Bab 2 Landasan Teori
2.1. Teori Danwa ( 談話 ) Menurut Minami dalam Hinata ( 1990: 1 ), danwa dapat disebut juga discourse (wacana), teks atau bunshou (karangan). Danwa adalah ungkapan bahasa berupa suatu kesimpulan yang terdiri dari satu atau beberapa kalimat pada situasi yang dilihat secara lumrah, serta tidak membedakan bahasa lisan atau pun tulisan. Jadi dalam wacana tercakup situasi dan konteks dalam percakapan yang membuat percakapan menjadi wajar. Tarigan ( 1993: 27 ) mengemukakan bahwa wacana adalah satuan bahasa terlengkap dan tertinggi atau terbesar di atas kalimat atau klausa dengan kohesi dan koherensi tertinggi yang berkesinambungan yang mempunyai awal dan akhir nyata disampaikan secara lisan maupun tertulis. Berdasarkan tertulis atau tidaknya, wacana dapat diklasifikasikan atas wacana tulis dan wacana lisan. a) Wacana Tulis Wacana tulis atau written discourse adalah wacana yang disampaikan secara tertulis, melalui media tulis. Penerima pesan wacana tulis adalah pembaca. Keterampilan menulis merupakan pokok penting dalam menyampaikan pesan. Untuk sampai kepada penerimaan, pemahaman, atau penikmatan pesan yang disampaikan dalam wacana tulis, maka kalimat yang digunakan harus efektif (Tarigan, 1993: 52 ). b) Wacana Lisan Penyajian wacana lisan berbeda dengan wacana secara tertulis. Wacana lisan atau spoken discourse adalah wacana yang disampaikan secara lisan, melalui media lisan.
7
Untuk menerimanya, memahami, atau menikmati wacana ini maka sang penerima harus menyimak atau mendengarkannya. Keterampilan berbicara sangat berpengaruh terhadap penyampaian pesan pada wacana lisan. Pesan yang dikemas dalam rangkaian kalimat harus diungkapkan dengan intonasi, lafal, dan durasi yang tepat ( Tarigan, 1993: 55 ). Contoh bentuk wacana lisan adalah ceramah, percakapan, dan kotbah.

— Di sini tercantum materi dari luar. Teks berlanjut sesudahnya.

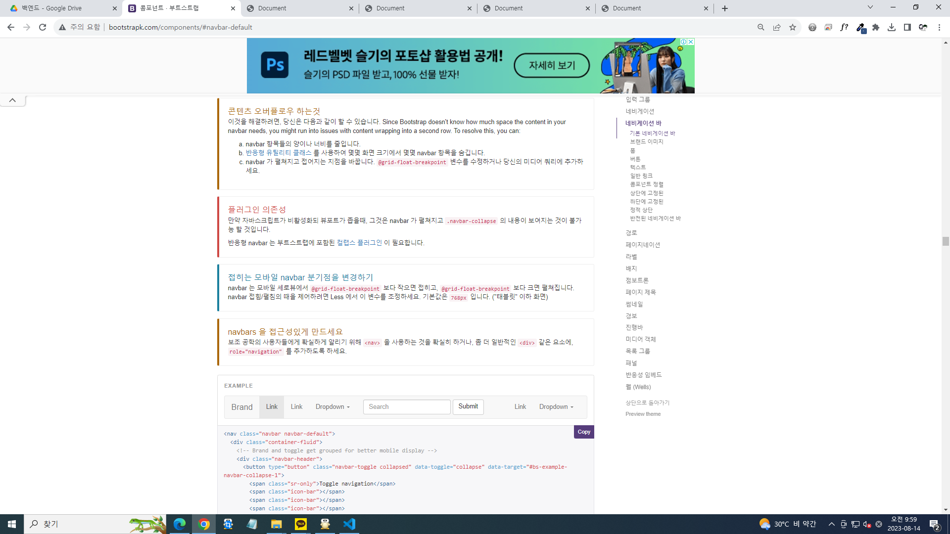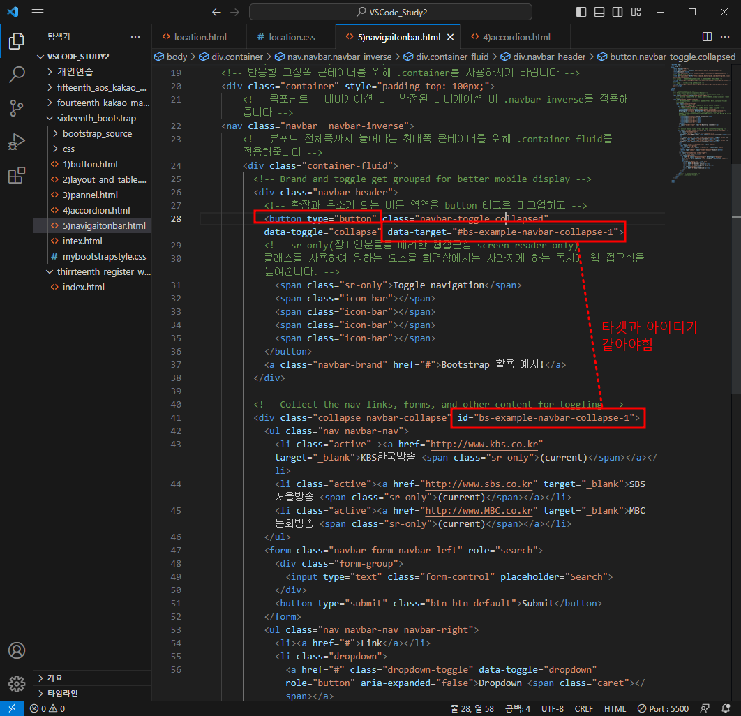 <!-- 콤포넌트 - 네비게이션 바- 반전된 네비게이션 바 .navbar-inverse를 적용해 줍니다 -->

2.2. Teori Pragmatik Menurut Leech ( 1999: 13-15 ) pragmatik adalah studi mengenai makna ujaran dalam situasi tertentu. Oleh karena itu, harus memiliki patokan yang menunjuk pada satu atau lebih aspek dari situasi pembicaraan. Aspek-aspek tersebut yaitu: 1. Penutur atau petutur 2. Konteks ujaran 3. Tujuan ujaran 4. Ujaran sebagai bentuk tindakan (tindak ujaran) 5. Ujaran sebagai hasil dari ujaran verbal. Hal yang serupa juga dikemukakan oleh Nurgiantoro. Percakapan yang hidup dan wajar adalah percakapan yang sesuai dengan konteks pemakaiannya, percakapan yang mirip dengan situasi nyata penggunaan bahasa. Bentuk percakapan yang seperti itu bersifat pragmatik. Menurutnya pragmatik intinya adalah mengacu pada penggunaan bahasa yang mencerminkan kenyataan. Ketepatan penggunaan bahasa secara pragmatik tidak semata-mata dilihat dari ketepatan leksikal dan sintaksis melainkan juga ketepatannya sesuai dengan konteks pembicaraan ( Nurgiyantoro, 2002: 312-313 )
8
Oleh karena itu, pragmatik mempelajari fungsi suatu tuturan. Dalam linguistik terdapat istilah yang disebut tindak ujar atau tindak tutur yang awalnya diperkenalkan oleh seorang filsuf yaitu Austin. Menurutnya, saat bertutur, orang tidak hanya bertutur namun juga melakukan suatu tindakan. Tindak tutur adalah tuturan yang bersifat psikologis dan yang dilihat dari makna tindakan dalam tuturan itu ( Chaer, 2010: 27 ). Kemudian Austin membagi tindak tutur menjadi 3 jenis yaitu sebagai berikut: 1. Tindak lokusi Tindak lokusi yaitu tindak tutur penutur untuk menyatakan sesuatu sebagaimana adanya atau disebut juga the act of saying something (tindakan untuk mengatakan sesuatu). Tindak lokusi hanya memberi makna secara harafiah, seperti yang dinyatakan dalam kalimatnya. 2. Tindak ilokusi Tindak ilokusi selain menyatakan sesuatu juga menyatakan tindakan melakukan sesuatu. Oleh karena itu, tindak tutur ilokusi disebut juga the act of doing something (tindakan melakukan sesuatu). Jadi selain memberi informasi tentang sesuatu, tindak ilokusi juga mengandung maksud dari tuturan yang diucapkan. 3. Tindak perlokusi Tindak perlokusi yaitu tindak tutur yang mempunyai pengaruh atau efek terhadap lawan tutur sehingga sering disebut sebagai the act of affecting someone (tindak yang memberi efek pada orang lain) ( Austin dalam Chaer, 2010: 26-28). Pragmatik lebih menitikberatkan pada ilokusi dan perlokusi daripada lokusi karena di dalam ilokusi terdapat daya tuturan (maksud dan fungsi tuturan) dan perlokusi berarti terjadi tindakan sebagai akibat dari daya tuturan tersebut. Sementara di dalam lokusi belum terlihat adanya fungsi tuturan, yang ada barulah makna kata
9
atau kalimat yang diujarkan. Oleh karena itu, dalam penelitian ini penulis hanya menganalisis tindak ilokusi dan tindak perlokusi dalam ujaran.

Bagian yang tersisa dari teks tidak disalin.